Криштиану Роналду хотел перейти в "Реал" летом 2008 году, но тогда "Манчестер Юнайтед" удалось удержать португальца. При этом между клубами была достигнута договоренность, что Роналду перейдет в "Реал" в 2009 году. Однако на прошлой неделе футболист заявил, что планирует остаться в "МЮ". 

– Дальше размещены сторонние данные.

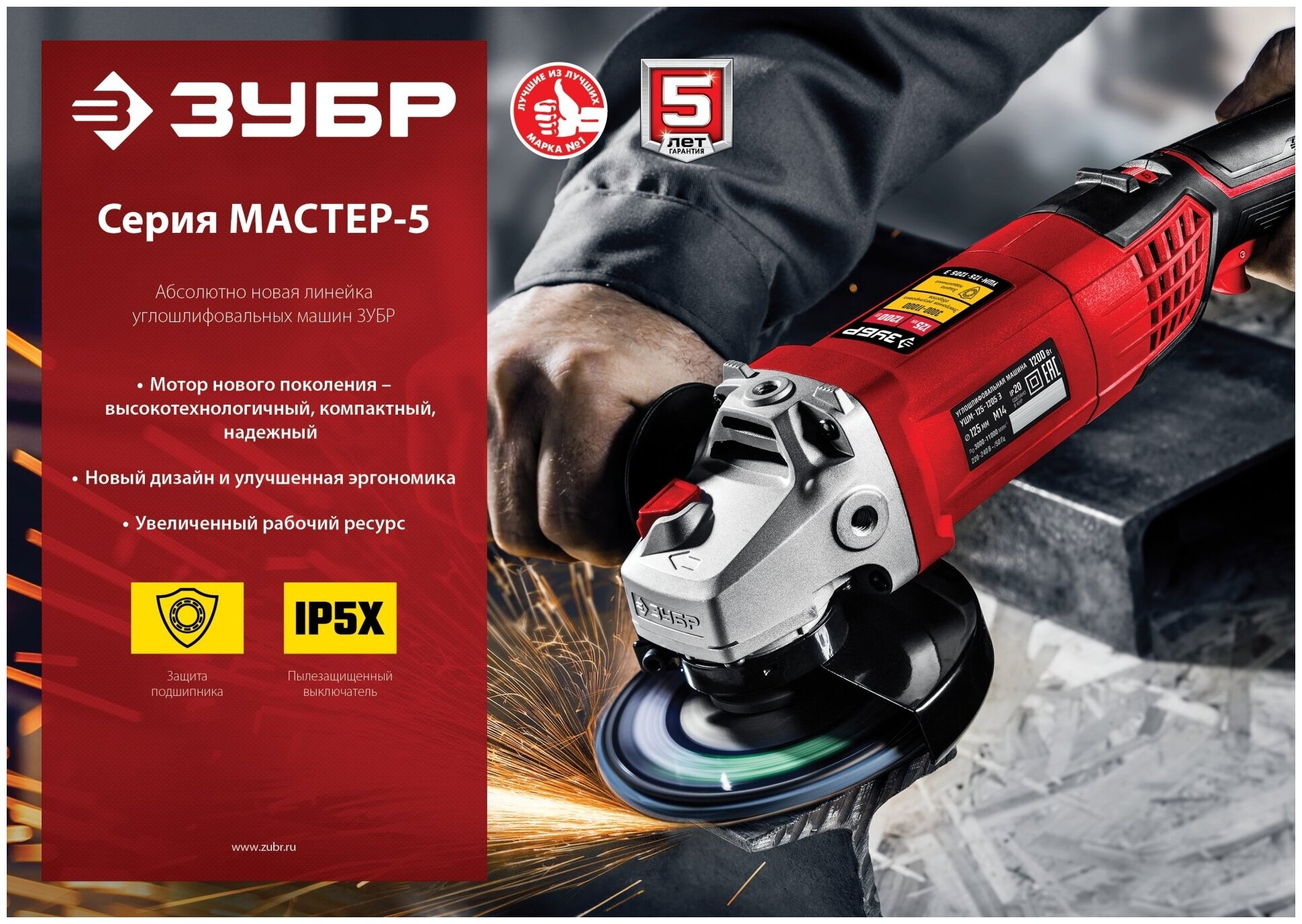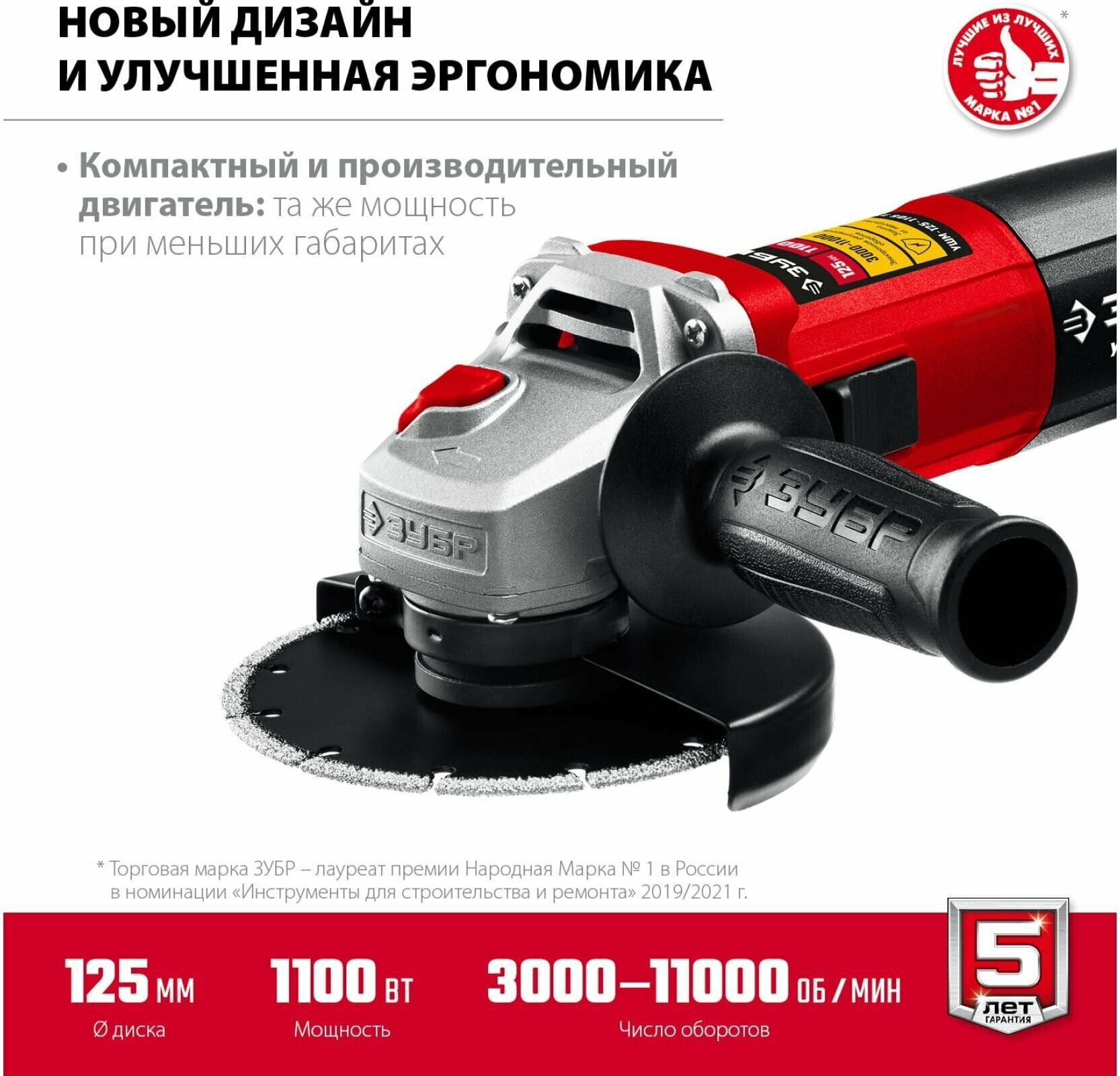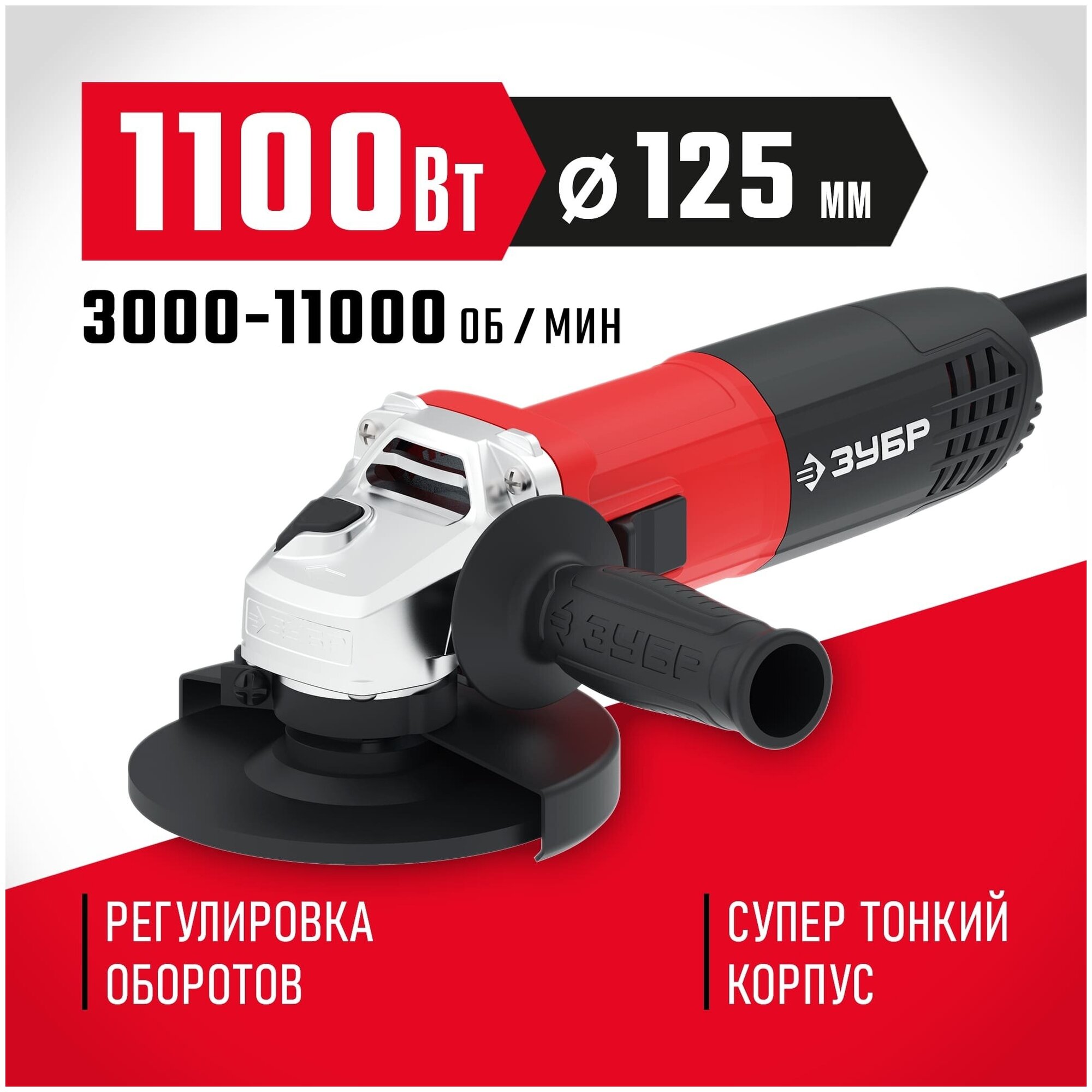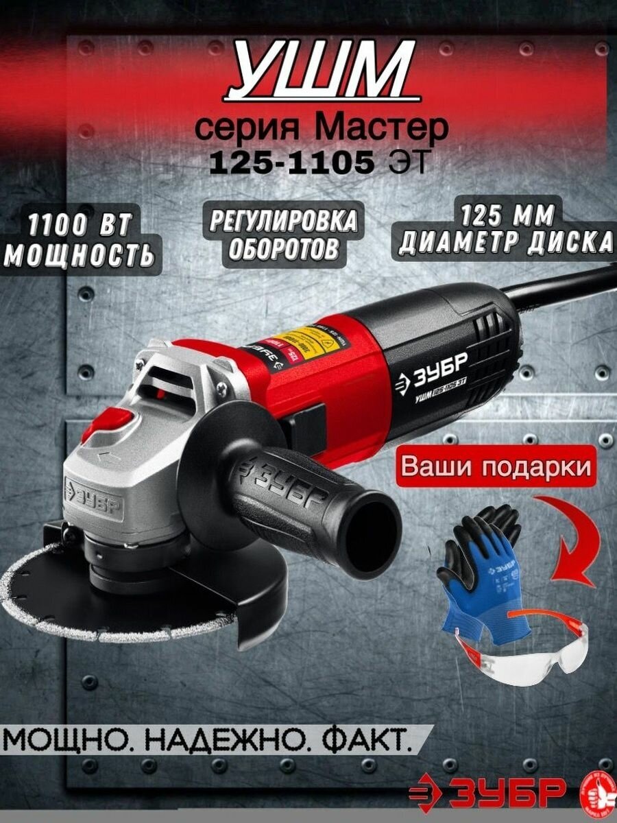 Advantages of ZUBR USHM-125-1105 ET New compact motor due to very dense winding laying Labyrinth seal of the front bearing for dust protection Reliable gearbox with a large gear ratio Thin

Выборы президента "Реала" состоятся в июне. В своих предвыборных заявлениях Перес говорил, что он, возможно, купит не Криштиану Роналду, а бразильского полузащитника "Милана" Кака. Однако бразилец недавно заявил, что не намерен покидать итальянский клуб.

Источник: Соккер.Ру

----------


## Akasey

Для подготовки к отборочному матчу чемпионата мира-2010 по футболу Беларусь - Андорра главный тренер сборной хозяев Бернд Штанге вызвал 19 игроков, сообщила пресс-служба Белорусской федерации футбола. 

В список вошли: 

вратари - Юрий Жевнов ("Москва"), Сергей Веремко (БАТЭ, Борисов); 

защитники - Дмитрий Ленцевич ("Богемианс", Чехия), Сергей Сосновский, Игорь Шитов, Александр Юревич, Максим Бордачев (все - БАТЭ), Дмитрий Верховцов ("Нафтан", Новополоцк); 

полузащитники - Александр Глеб ("Барселона", Испания), Тимофей Калачев ("Крылья Советов", Самара), Николай Кашевский ("Ильичевец", Мариуполь), Филипп Рудик ("Нафтан"), Игорь Стасевич (БАТЭ); 

нападающие - Леонид Ковель ("Сатурн", Раменское), Виталий Кутузов ("Бари", Италия), Виталий Родионов ("Фрайбург", Германия), Геннадий Близнюк (без клуба), Виталий Булыга (БАТЭ), Сергей Корниленко ("Томь", Томск). 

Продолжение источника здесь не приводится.